From a hematological perspective, they are also used to treat hemophilia A and Von Willebrand clotting disorders because they increase Factor VIII and Von Willebrand factor (review the clotting process and disorders at the link in our notes).
They can be administered via injection, IV infusion, orally, or in a nasal spray.

Side Effect: Hyponatremia

As we can imagine, a major potential side effect is hyponatremia, due to excessive water retention (urine reduction), so we need to watch patients for sudden drops in sodium levels, which can cause seizures.
Patients may also experience GI problems, headaches, and flushing.

ADH receptor antagonists: Conivaptan and Tolvaptan

ADH receptor antagonists, such as Conivaptan and Tolvaptan, are used to treat SIADH,
Conivaptan blocks ADH V1a and V2 receptors, which increases water excretion in the kidneys. Tolvaptan is far more selective for V2 receptors, with minimal action on V1a receptors.
As a result, they increase urine volume and reduce urine osmolality.

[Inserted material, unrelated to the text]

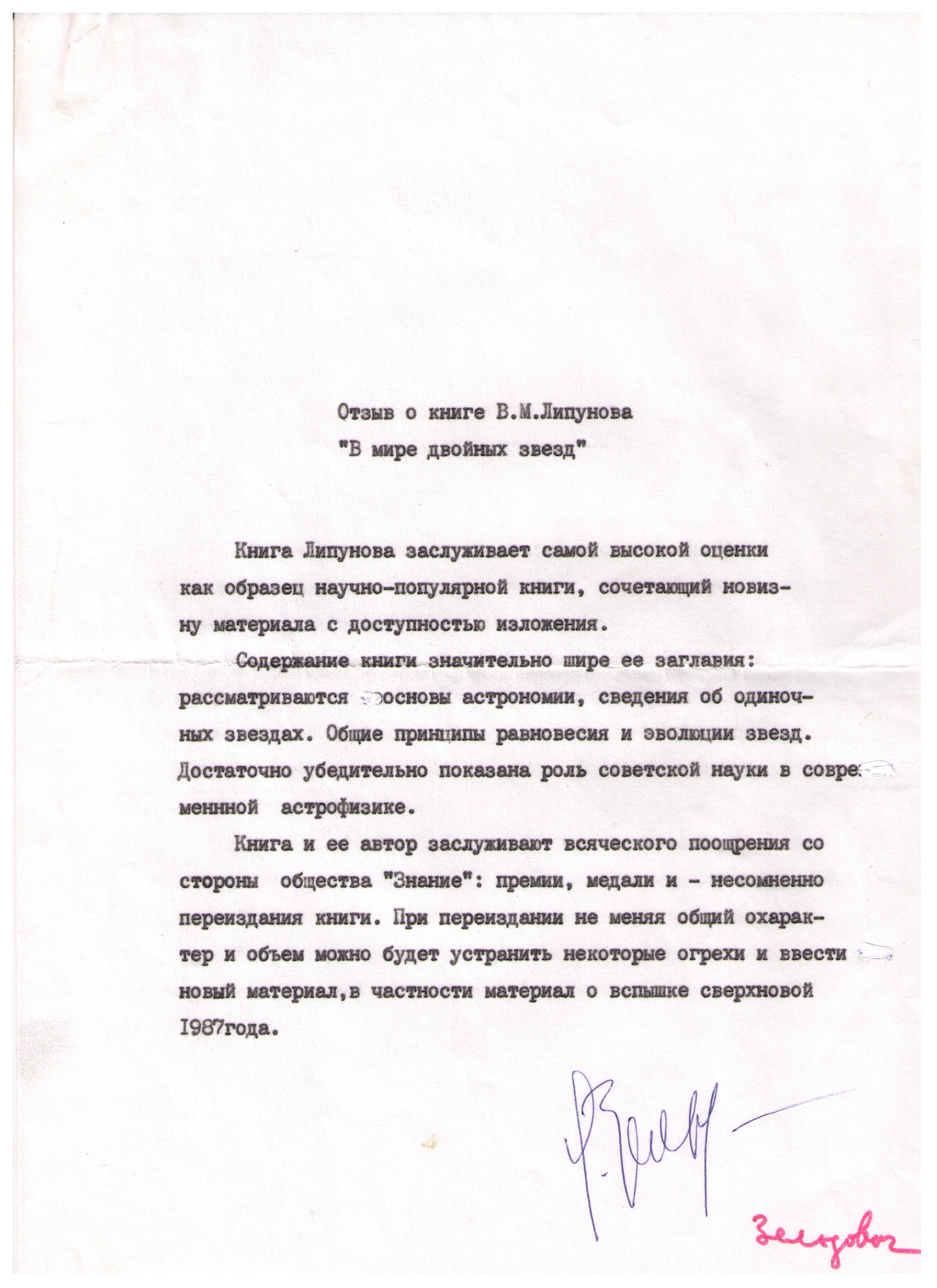 Очень дорог мне отзыв моего руководителя в аспирантуре - академика Я.Б.Зельдовича:

Side Effect: Hypernatremia

A major potential side effect is hypernatremia.
Overly rapid correction of hyponatremia can lead to central pontine myelinolysis (aka osmotic demyelination syndrome) with white matter injury to pontine and extra-pontine (outside of the pons) central nervous system structures.

An unfortunate consequence of this syndrome can be locked-in syndrome, which we discuss in detail elsewhere.